Problem

My approach:

The answer is \displaystyle\sum_{i \ = \ 1}^{n} i \ \Big\lfloor\dfrac{n}{i}\Big\rfloor\ \text{mod}\ 10^9+7.

A linear approach will time out.

Notice that \Big\lfloor\dfrac{n}{i}\Big\rfloor = 1,\ \forall \ i > \sqrt{n}. Let’s say \lfloor\sqrt{n}\rfloor = i for simplicity.

We have an AP of (n-i+1) terms starting from (i+1) to n. It’s sum will be \dfrac{n-i+1}{2} \Big[2i+(n-i)\Big] = (n-i+1)(n+i)(2^{-1}).

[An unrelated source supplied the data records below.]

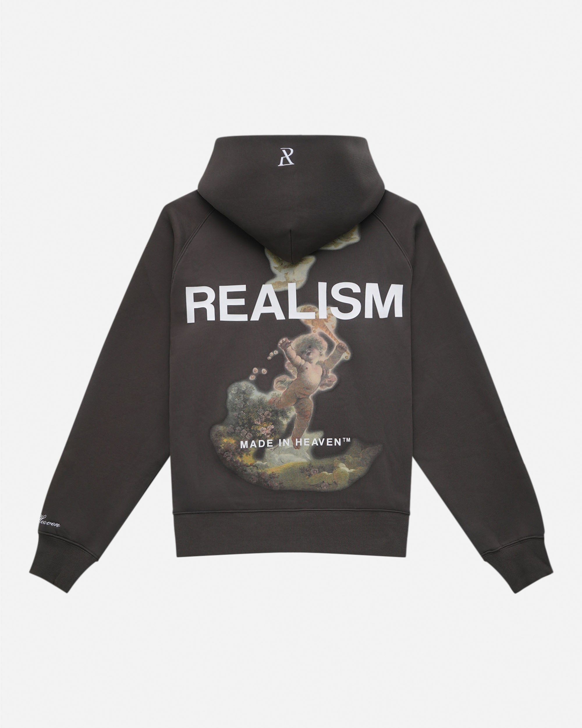 This core classic zip hoodie has been reimagined with an angelic twist. Made with Realism's signature comfy fleece in an oversized silhouette, this zip hoodie features metal accents including custom "R" branded zip, chest emblem and pocket tag. An embroidered "R" on the hood, sleeve cuff embroidery and the exclusive screen printed cherub on the back makes this piece a dream.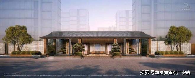 绿城凤起潮鸣主入口打造宋风雅致大门,酒店式车马院落客区,金碧辉煌的审美色调,大面积是奢石,给予归家尊崇仪式。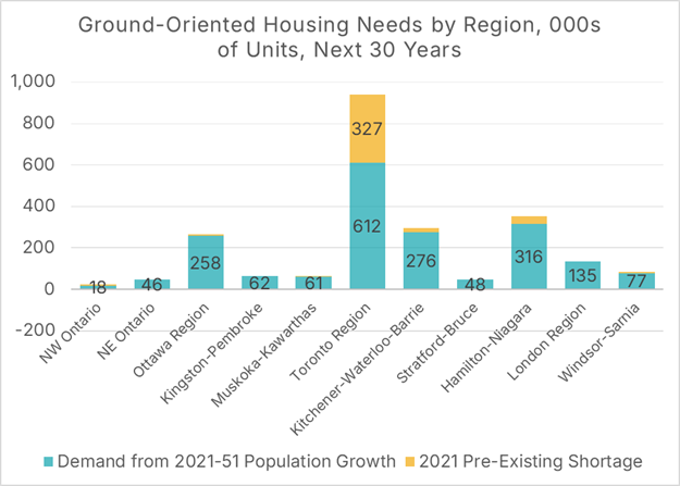 Not surprisingly, the Toronto Region has the highest projected 30-year need for ground-oriented homes, as it has the largest population of any of the regions, and also has the largest pre-existing shortage.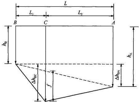 式中:hA、hB——傾斜段兩端監(jiān)測點A、B的豎向位移量;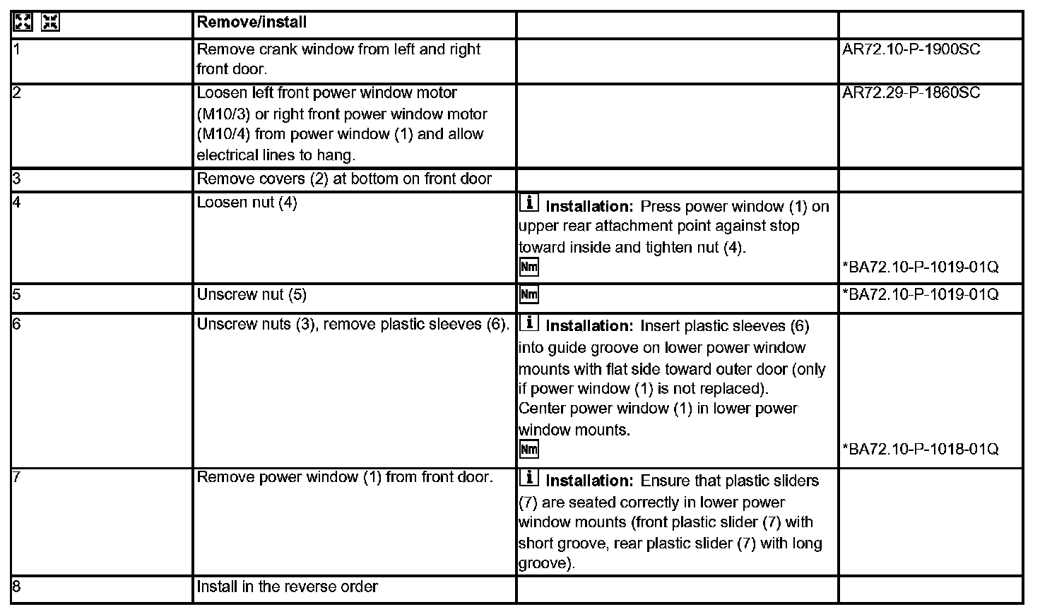 AR72.10-P-1800SC Remove/install Front Door Window Lifter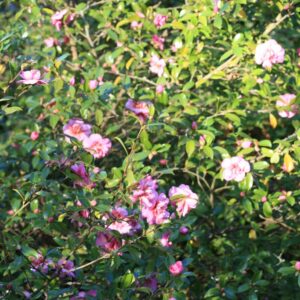Gevuld, licht geurend; langzaam groeiend. De hoogte na 10 jaar is 1,5 m. De bloemkleur is fel rose. De bloeiperiode is oktober – december. Deze plant is goed winterhard. Aanbevolen aantal per vierkante meter : 1. Nederlandse naam : Camellia . . Is aanwezig op de kwekerij. Kijk ook op de voorraadlijst op onze site.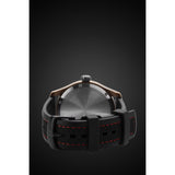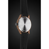 - Classic style black semi-mat dial with generously sized Arabic numerals and a date window, laid within a solid bronze case befitted with a sporty silicone strap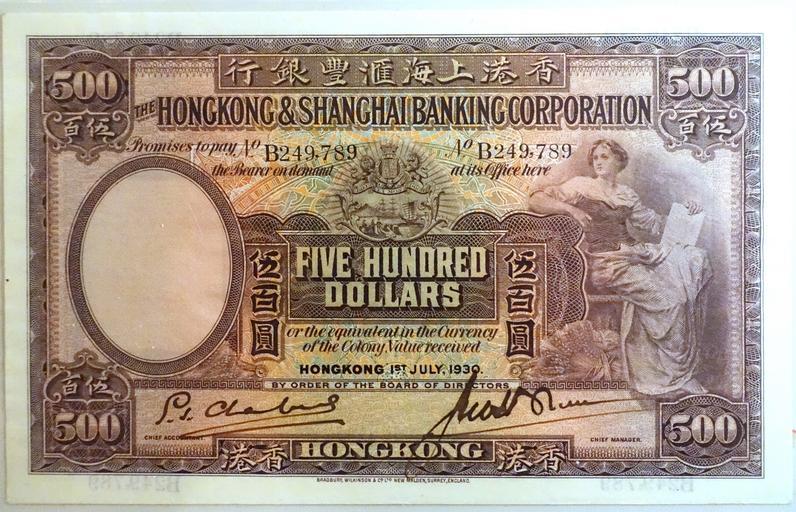 Keywords: 500 dollar note, Hong Kong & Shanghai Banking Corporation, 1930 - Hong Kong Museum of History - DSC01016.JPG en Exhibit in the Hong Kong Museum of History Hong Kong Photography was permitted in the museum without restriction 2014-07-27 02 43 56 own Daderot other versions cc-zero Currency in the Hong Kong Museum of History Uploaded with UploadWizard HSBC in Hong Kong Banknotes of Hong Kong Banknotes with a face value of 500 |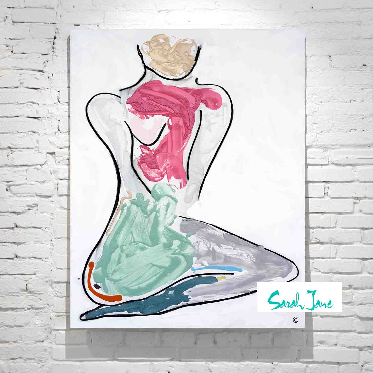 A beautiful healthy glow of energy emanates from Bodyline Bold III. An Abstract Figurative Painting Woman Kneeling with bold colours by Australian Artist Sarah Jane.

So the answer is \Bigg(\displaystyle\sum_{k \ = \ 1}^{i} k \ \Big\lfloor\dfrac{n}{k}\Big\rfloor\Bigg) + (n-i+1)(n+i)(2^{-1}) all \text{mod} \ 10^9+7.

My code:

```
#include <bits/stdc++.h>
#define int long long
using namespace std;
const int mod = 1e9+7;
int exp(int x, int y, int p)
{
x %= p;
int res = 1LL;
while (y > 0)
{
if (y & 1) res = (res * x) % p;
y >>= 1;
x = (x * x) % p;
}
return res;
}
signed main()
{
ios_base::sync_with_stdio(0);
cin.tie(0);
cout.tie(0);
int n, ans = 0;
cin >> n;
int i;
for (i = 1; i*i <= n; ++i)
{
ans += (i*(n/i));
ans %= mod;
}
ans += (((((n-i+1)%mod)*((n+i)%mod))%mod)*(exp(2, mod-2, mod)%mod))%mod;
cout << ans << '\n';
}
```

This passes the sample test case but gets WA for larger inputs. Although I’m not sure, it *might* be the modular inverse. Please let me know where I’m wrong.